Submitted: June 30, 2009.

Decided: July 8, 2009.

Appeal from the United States District Court for the Middle District of North Carolina, at Durham. N. Carlton Tilley, Jr., Senior District Judge. (1:06-cr-00321-NCT).

Nils E. Gerber, Winston-Salem, North Carolina, for Appellant. Randall Stuart Galyon, Office of the United States Attorney, Greensboro, North Carolina, for Appellee.

Before MICHAEL, MOTZ, and DUNCAN, Circuit Judges.

Affirmed by unpublished PER CURIAM opinion.

Unpublished opinions are not binding precedent in this circuit.

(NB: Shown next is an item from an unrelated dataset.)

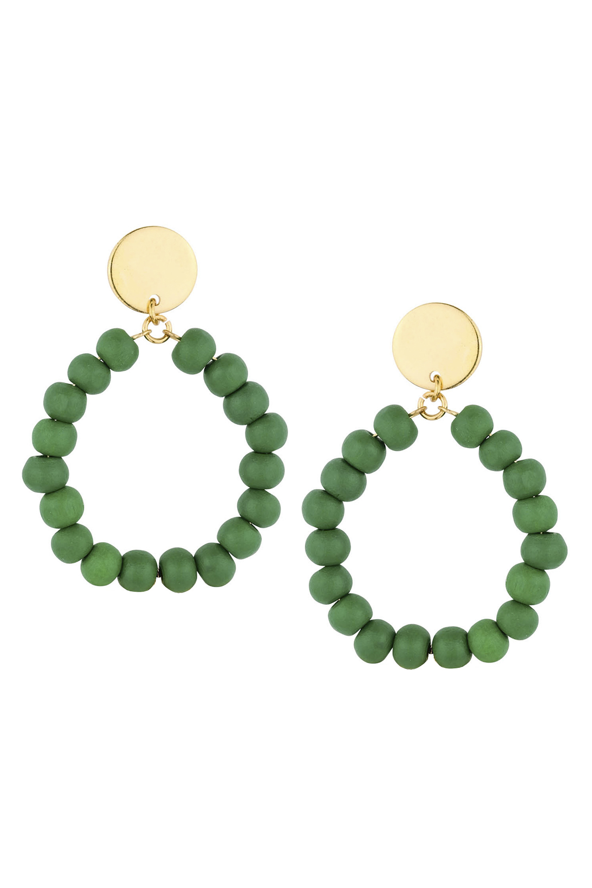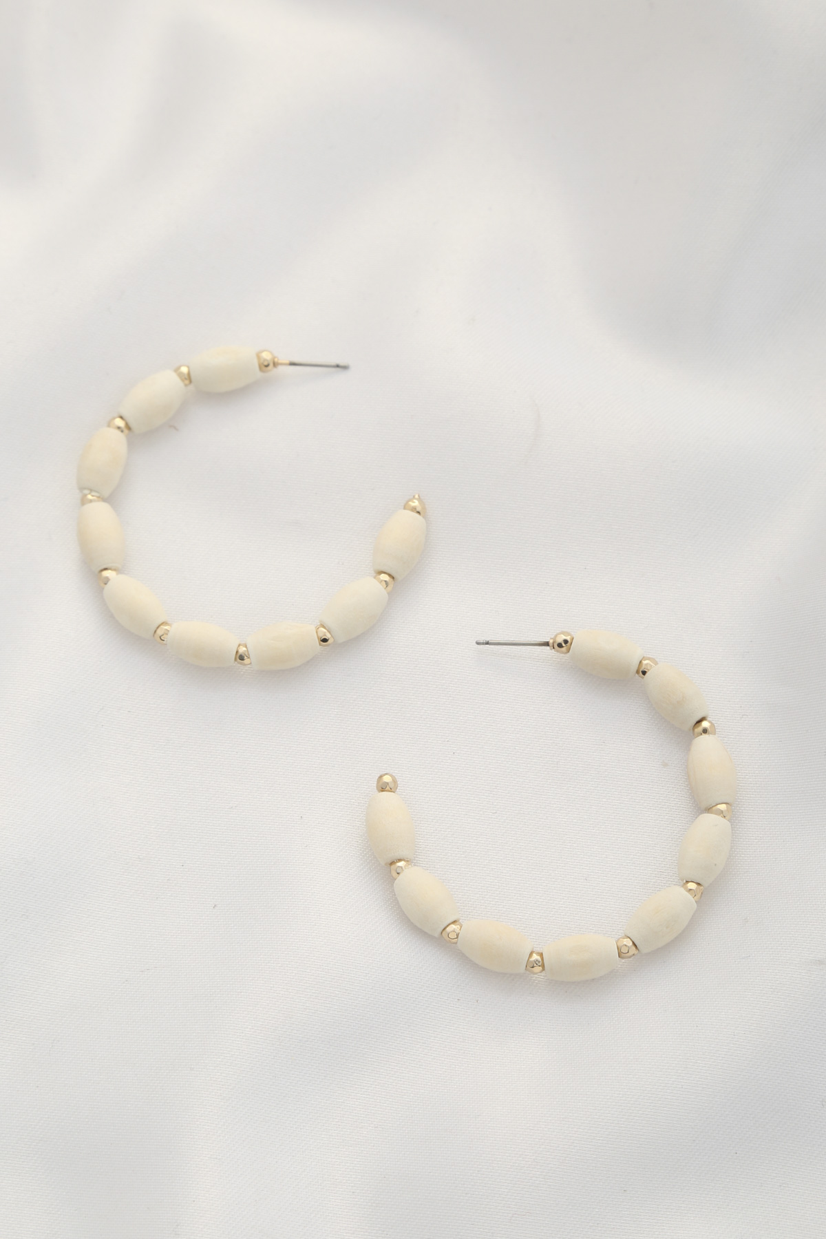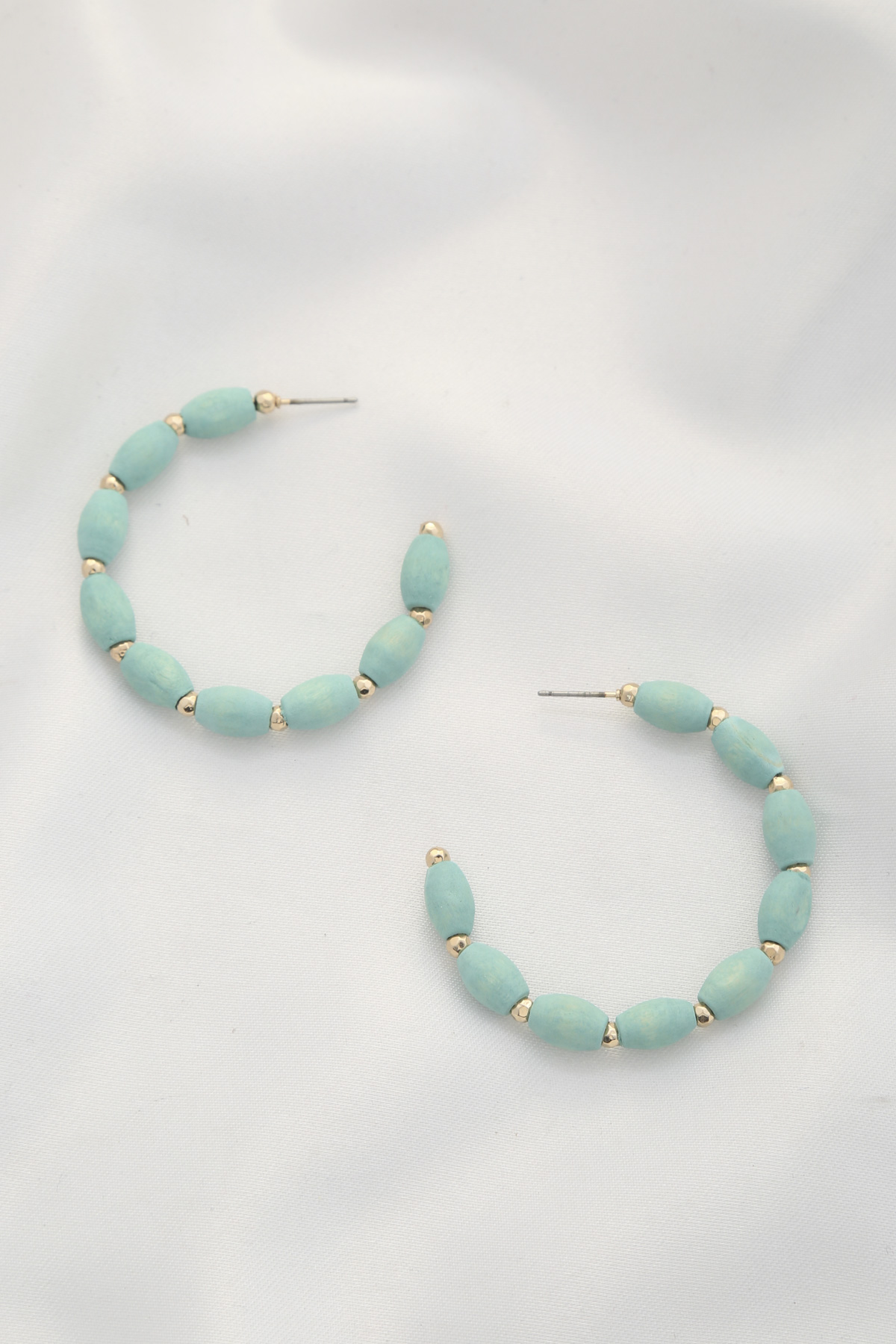 COLOR WOOD BEAD OPEN HOOP EARRING
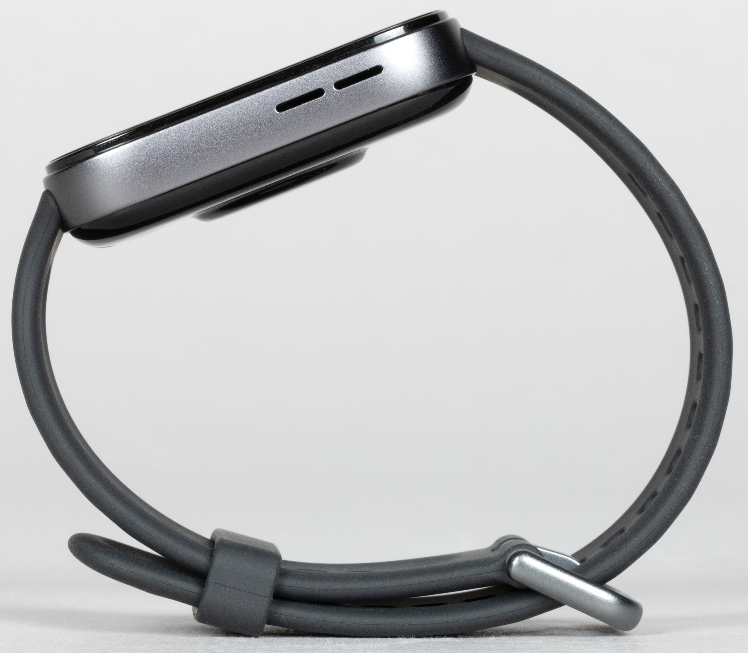 Между кнопками расположено отверстие микрофона, а на противоположной грани — прорези для динамика. Возможность использовать часы для ответов на звонки — совсем нелишняя, поэтому приветствуем ее появление в устройстве, ориентированном в первую очередь на фитнес.

Christopher Levon Turner was convicted following a jury trial of six counts of distribution of cocaine base, in violation of 21 U.S.C. § 841(a)(1), (b)(1)(B)-(C) (2006), and was sentenced to 121 months in prison. Turner timely appealed.

Counsel for Turner filed a brief in accordance with Anders v. California, 386 U.S. 738, 87 S.Ct. 1396, 18 L.Ed.2d 493 (1967), certifying that there are no meritorious grounds for appeal. Turner was notified of his right to file a pro se supplemental brief, but has not done so.

In accordance with Anders, we have reviewed the record in this case and have found no meritorious issues for appeal. We therefore affirm the district court's judgment. This court requires that counsel inform Turner, in writing, of the right to petition the Supreme Court of the United States for further review. If Turner requests that a petition be filed, but counsel believes that such a petition would be frivolous, then counsel may move in this court for leave to withdraw from representation. Counsel's motion must state that a copy thereof was served on Turner.

This appeal was held in abeyance pending decision in United States v. Antonio, 311 Fed.Appx. 679 (4th Cir. 2009) (No. 07-4791). Upon review, we conclude this case is unaffected by our decision in Antonio.

We dispense with oral argument because the facts and legal contentions are adequately presented in the materials before the court and argument would not aid the decisional process.